DesignerGerman
Konstantin Grcic
2 active items
Konstantin Grcic grew up in Wuppertal and Munich, where his father - born in Belgrade - collected 18th-century antiques and his mother worked as an art dealer. That early immersion in objects shaped across centuries fed directly into a practice that treats every design problem as a question about structure, weight, and use. He trained first as a cabinetmaker at the John Makepeace School for Craftsmen in Wood at Parnham House in Dorset (from 1985), learning joinery at the bench before studying Industrial Design at the Royal College of Art in London, graduating in 1990.
After a brief period as studio assistant to Jasper Morrison, Grcic established Konstantin Grcic Industrial Design (KGID) in Munich in 1991. His early projects for SCP in London - the 1995 Refolo trolley, the 1997 Wanda dish rack - were compact, carefully resolved exercises in how everyday objects could carry formal intelligence without announcing it. The 1999 Mayday lamp for Flos changed the conversation: a polyamide construction-site lamp adapted for domestic use, it won the Compasso d'Oro in 2001 and entered the permanent collection of the Centre Georges Pompidou in Paris.

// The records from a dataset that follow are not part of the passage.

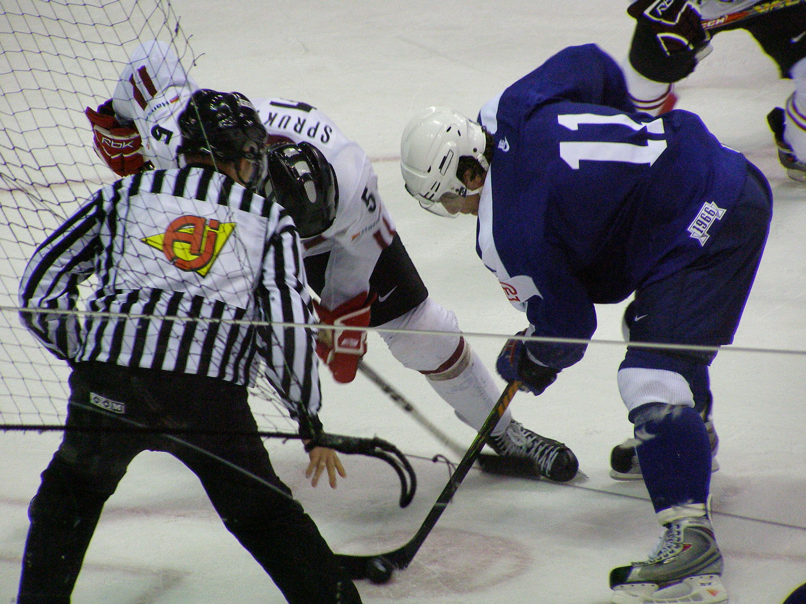 Latvia VS Slovenia (IIHF World Hockey Championship in Halifax NS, May 6 2008)
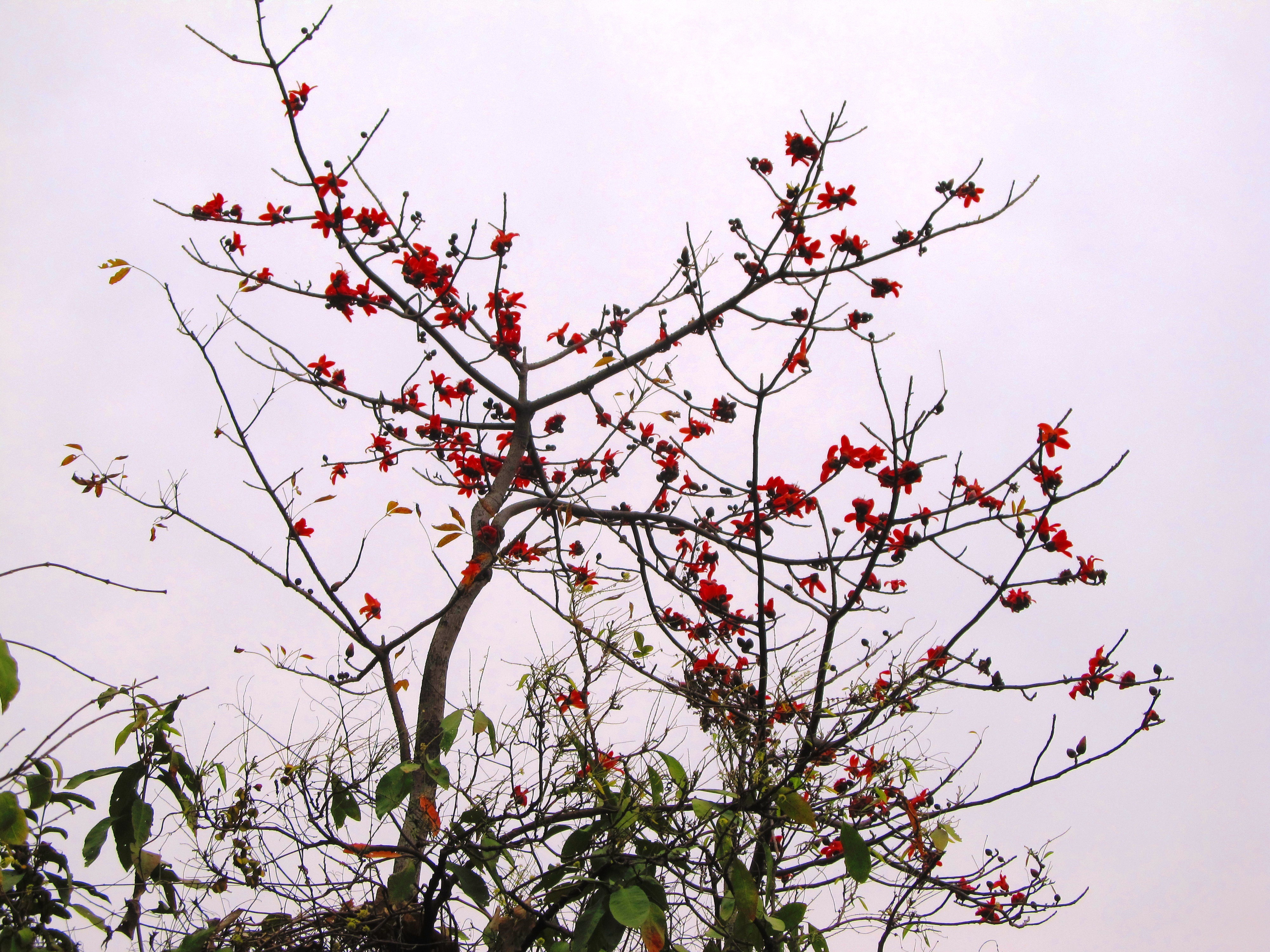 Mahua flower in summer at Ayodhya Hills
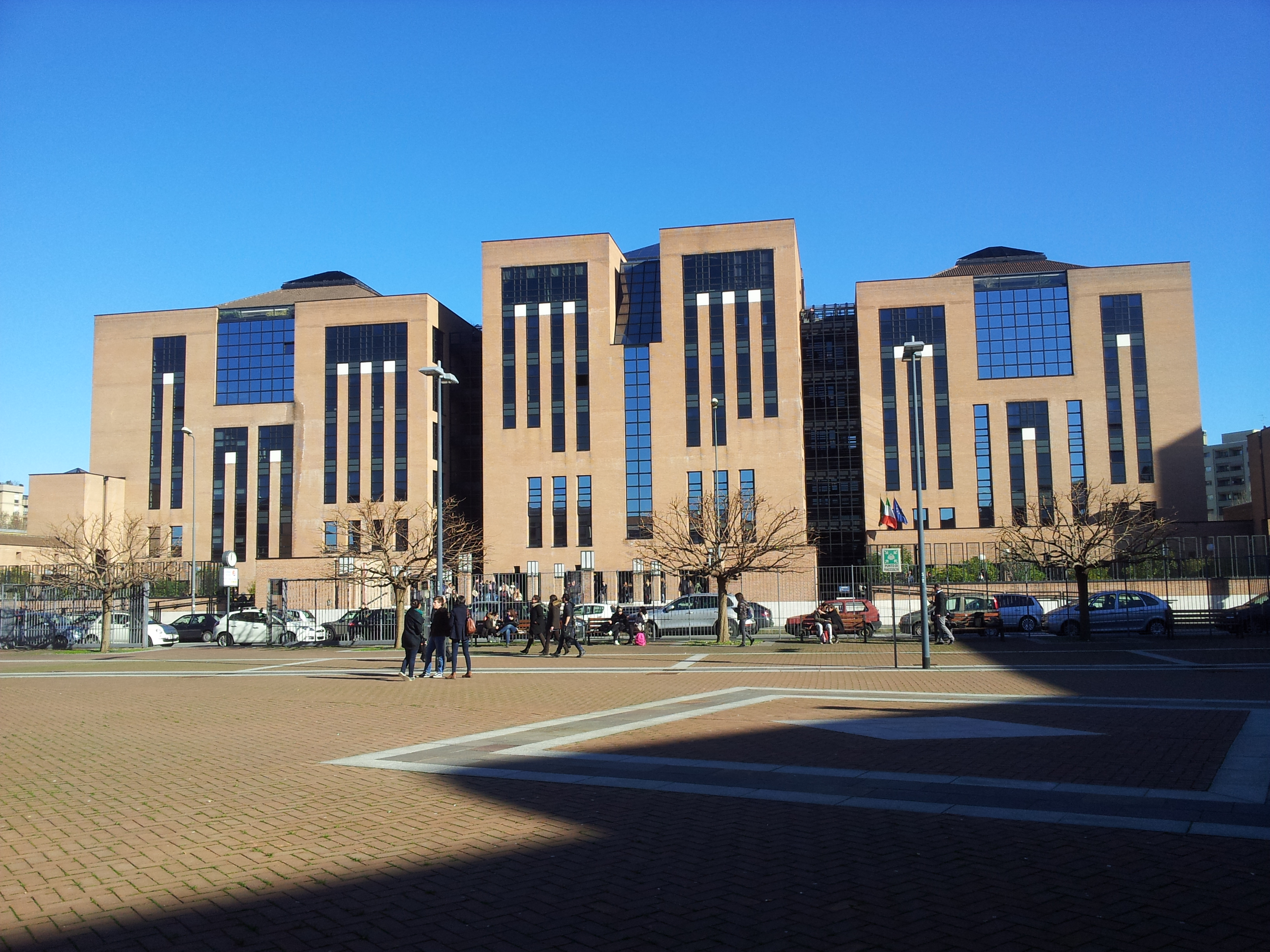 IULM University, Milan - Building 1
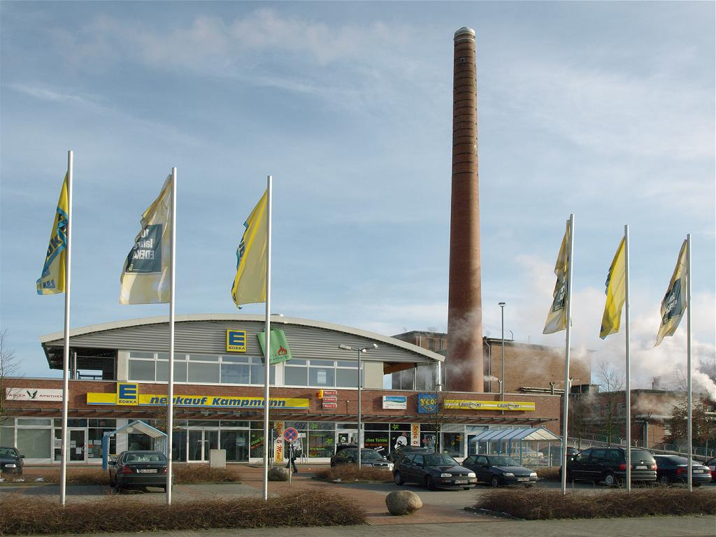 Tornesch (Schleswig-Holstein, Germany) - Esinger Str. 3-7 - Shopping Center and Paper Mill Meldorf - Photo 2008 - The pictured shopping center was built in 2001 near the station on the site of the former distillery. Above the shopping arcade is a park and ride place. - The paper factory Meldorf was created in 1958 as "Tornia paper and board factory". It originated from the Altonaer corrugated cardboard factory and the Meldorfer paper mill. The plant, previously owned by Panther Packaging, was sold to Certina Holding in 2017. Object location53° 41′ 44.95″ N, 9° 42′ 52.95″ E
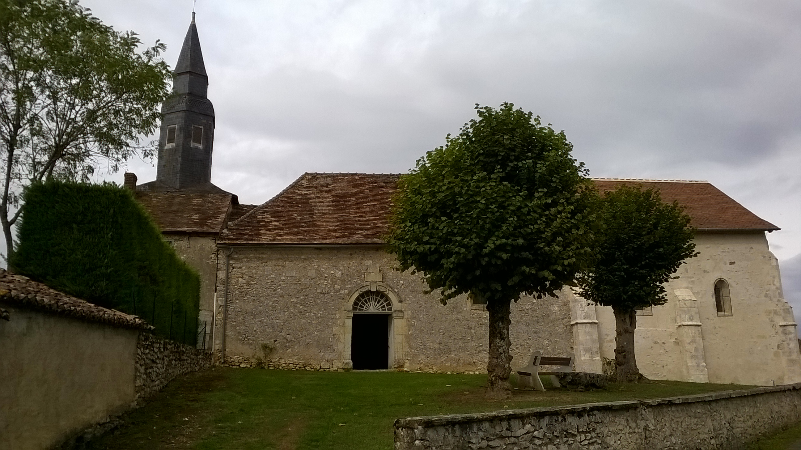 Saint-Hilaire Church at Cenan nr La Puye .
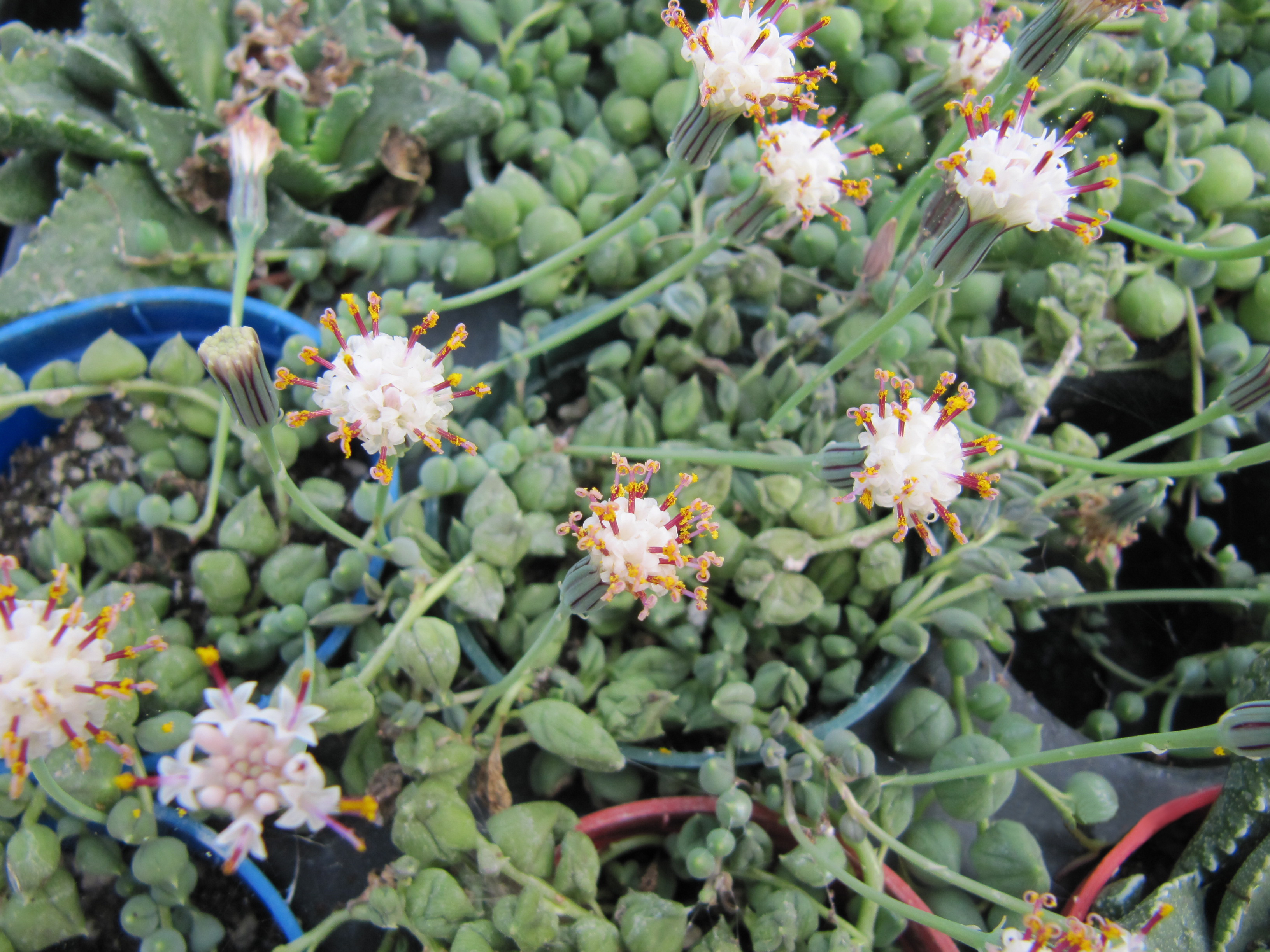 Senecio rowleyanus, commonly called String-of-Pearls or String-of-Beads, is a flowering plant in the family Asteraceae. It is native to southwest Africa. S. rowleyanus grows long, trailing stems of spherical leaves. The flowers are pale and brushlike. It is cultivated indoors as an ornamental plant for hanging baskets. The fleshy leaves are poisonous and should not be consumed.
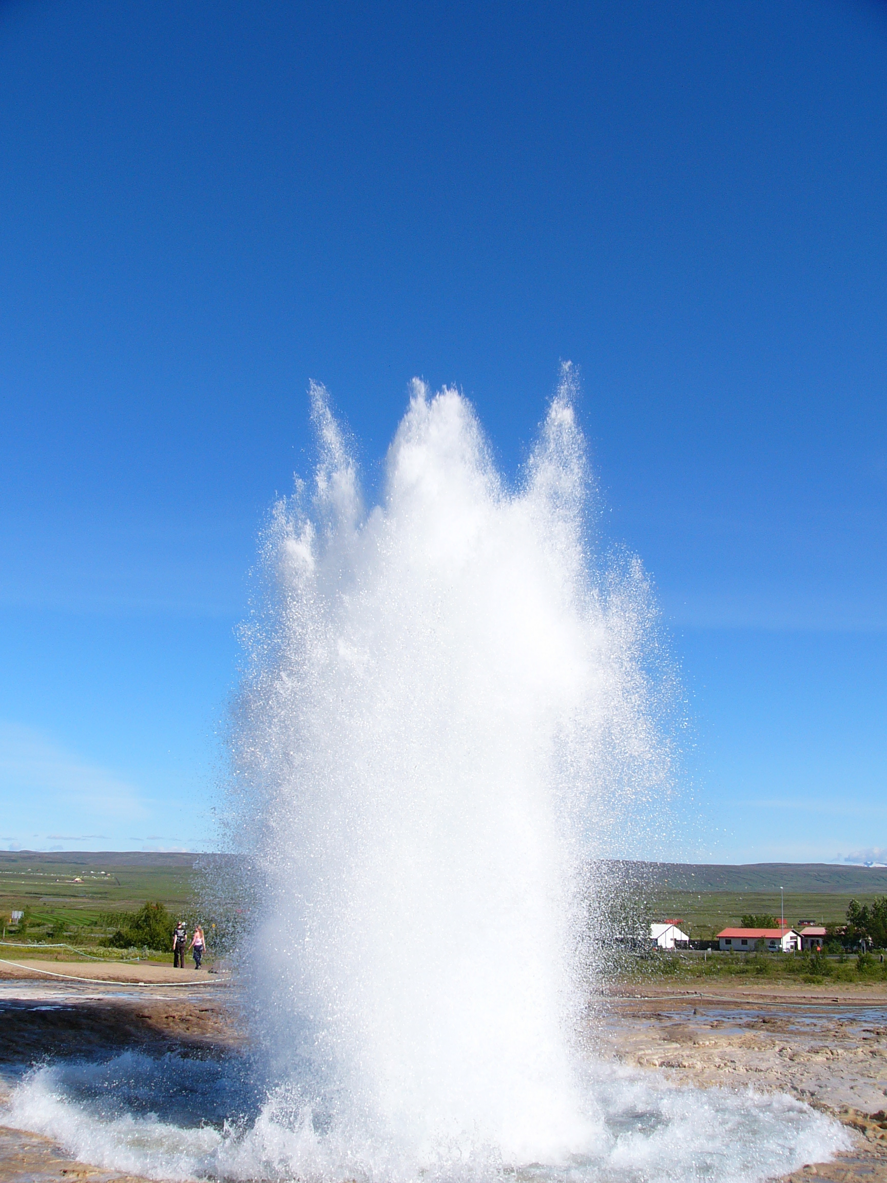 Simon Cole Strokkur, Iceland 24/07/2005

Chair One, launched by Magis in 2004 after four years of intensive engineering development, is perhaps the piece most closely associated with his name. Its seat shell - cast as a single piece of die-cast aluminium using a tool of exceptional complexity - translates the geometry of a geodesic network into a stable, stackable chair. The form is uncompromising to the point of looking uncomfortable, yet the ergonomics work. It is held in collections at MoMA in New York, the Art Institute of Chicago, and major design museums across Europe. His Myto chair for Plank (2008), which exploited the cantilever potential of BASF's Ultradur High Speed plastic in a structurally intricate single-shell form, won the Compasso d'Oro again in 2011. A third Compasso d'Oro followed in 2016 for the OK lamp for Flos.
Beyond the production pieces, Grcic has developed installations and research projects that interrogate how environments are used. Solo exhibitions at Haus der Kunst in Munich (2006), the Art Institute of Chicago (2009), the Vitra Design Museum (2014), and Neue Sammlung in Munich (2015) have treated his work as a subject for cultural analysis rather than only commercial display. From 2020 to 2024 he held a professorship at the Hamburg University of Fine Arts (HFBK), and the Royal Society of Arts appointed him Honorary Royal Designer for Industry in 2009.
On the Nordic secondary market, Grcic's work appears across Stockholm Auktionsverk (the most active house for his pieces), Auktionshuset Kolonn, and Formstad Auktioner, totalling 21 lots. The Miura barstool for Plank, the Spike wall shelf for Magis in marble, and the Traffic armchair appear most frequently. Top sale is 6,500 SEK for a Traffic armchair. Spike shelves have traded between 850 and 1,980 EUR, reflecting solid secondary-market demand for the more compact, easily shippable pieces in his catalogue.